El secretario general de ATE Nacional, Rodolfo Aguiar, cuestionó al Gobierno nacional por el crecimiento del endeudamiento de las familias y sostuvo que las actuales condiciones económicas transformaron la morosidad en un problema social.
Sus declaraciones se conocieron luego de que la Cámara de Diputados resolviera emplazar a las comisiones de Finanzas y Defensa del Consumidor para avanzar con el tratamiento de proyectos vinculados a la morosidad familiar.
Aguiar consideró que el avance legislativo constituye una oportunidad para visibilizar el impacto que tienen las deudas de consumo sobre los hogares argentinos.

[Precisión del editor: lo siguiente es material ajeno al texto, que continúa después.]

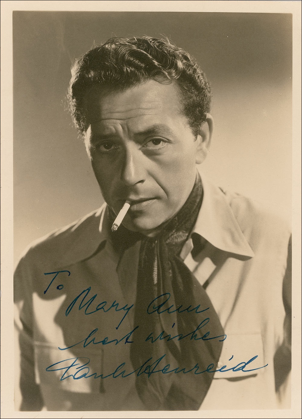 Vintage matte-finish 5 x 7 photo of Henreid with a cigarette casually dangling from his lips, signed and inscribed in fountain pen, “To Mary Ann, best wishes, Paul Henreid.” In fine condition. Pre-certified PSA/DNA and RR Auction COA.

Según datos citados por el dirigente, Argentina registra uno de los niveles más elevados de morosidad bancaria de la región y tres de cada diez hogares recurrieron a préstamos para afrontar gastos básicos. “El endeudamiento es el síntoma, pero los bajos ingresos son la enfermedad”, afirmó, y cuestionó las políticas económicas implementadas durante los últimos años.
El titular de ATE también apuntó contra la desregulación financiera impulsada por el Gobierno y cuestionó particularmente el Decreto 70/2023, al considerar que favoreció a bancos, billeteras virtuales y prestamistas informales.

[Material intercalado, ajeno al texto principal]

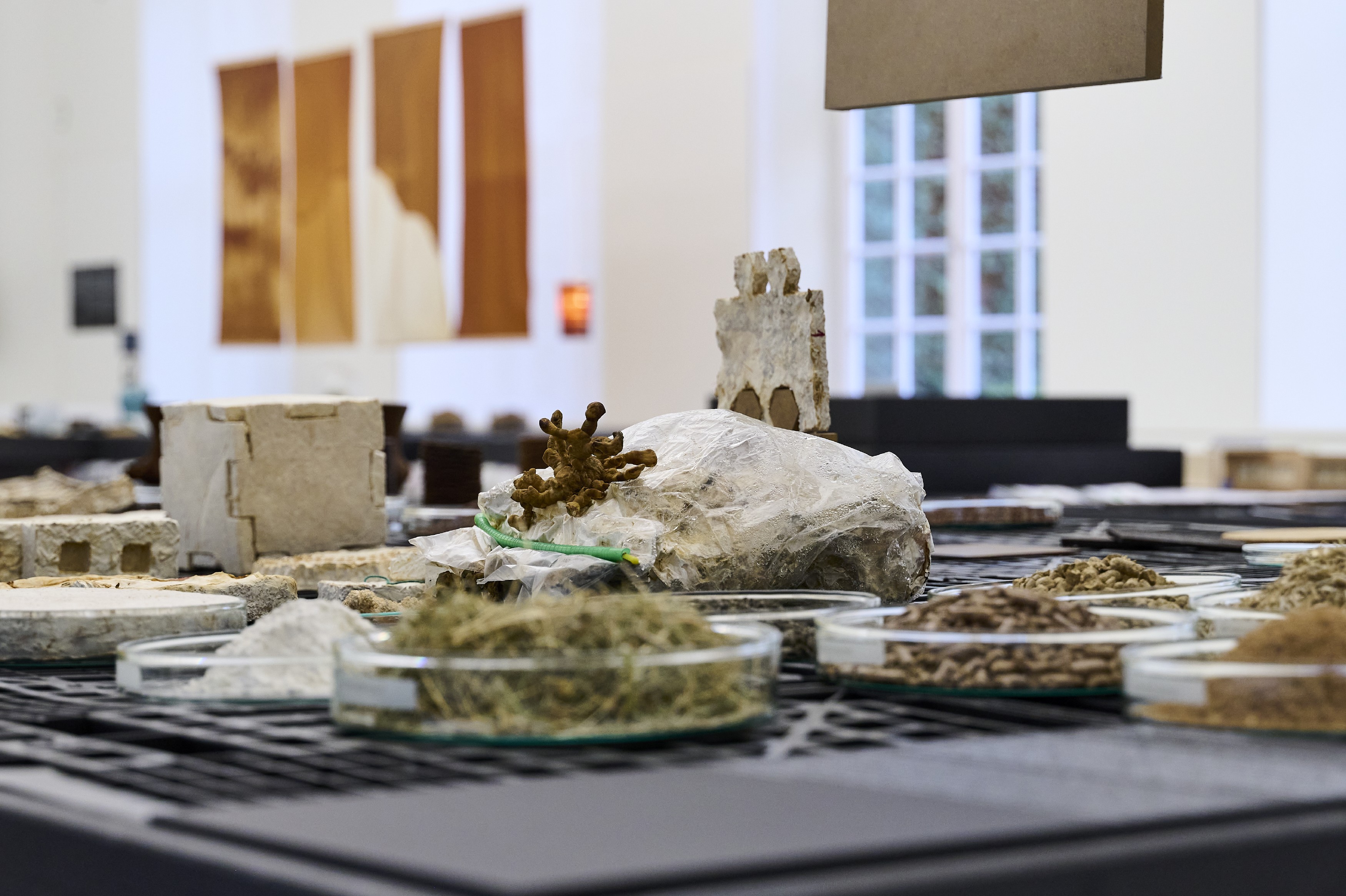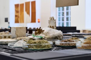 Als Material Lab/ Material Labor beschreiben sie den dritten Teil der Ausstellung in der Orangerie. Hier offenbaren vier Hochschulen und ein niederländisches Designstudio in rund 40 Projekten, die sich an den Schnittstellen von Biologie, Design, Kunst und Industrie bewegen, die Prozesse hinter ihren aktuellen Forschungen. Auch wenn sich die Aufgabenstellungen hin und wieder ähneln sind die Ergebnisse oft sehr unterschiedlich – doch letztlich hängt alles miteinander zusammen. Spätestens hier, angesichts der Fülle an Forschungsprojekten, die ja nur eine winzige Auswahl aus dem globalen Forschungskosmos abbilden, kann sich eine optimistische Vision auf die globale Zukunft entzünden.

En su interpretación, la utilización creciente del crédito dejó de ser una herramienta para financiar proyectos y pasó a convertirse, para muchos hogares, en un mecanismo destinado simplemente a cubrir necesidades cotidianas.
La problemática también aparece reflejada en una encuesta realizada por ATE sobre la situación de los trabajadores estatales. El relevamiento indicó que el 87% tiene deudas vigentes y que, dentro de ese grupo, el 73% mantiene compromisos con más de una entidad.
Entre los principales destinos del dinero aparecen urgencias médicas, educación, alquileres y expensas, mientras que otro sector lo utiliza para cancelar deudas anteriores o cubrir gastos básicos como alimentación y vestimenta.
El impacto no se limita a las finanzas familiares. De acuerdo con el mismo relevamiento, el 85,4% de los trabajadores estatales consultados manifestó un deterioro de su bienestar emocional y psicológico durante el último año.
Entre las principales consecuencias mencionadas aparecen ansiedad, angustia, agotamiento, desánimo e insomnio. Así, el debate sobre la morosidad familiar comienza a incorporar una dimensión social y de salud mental que excede el problema estrictamente económico.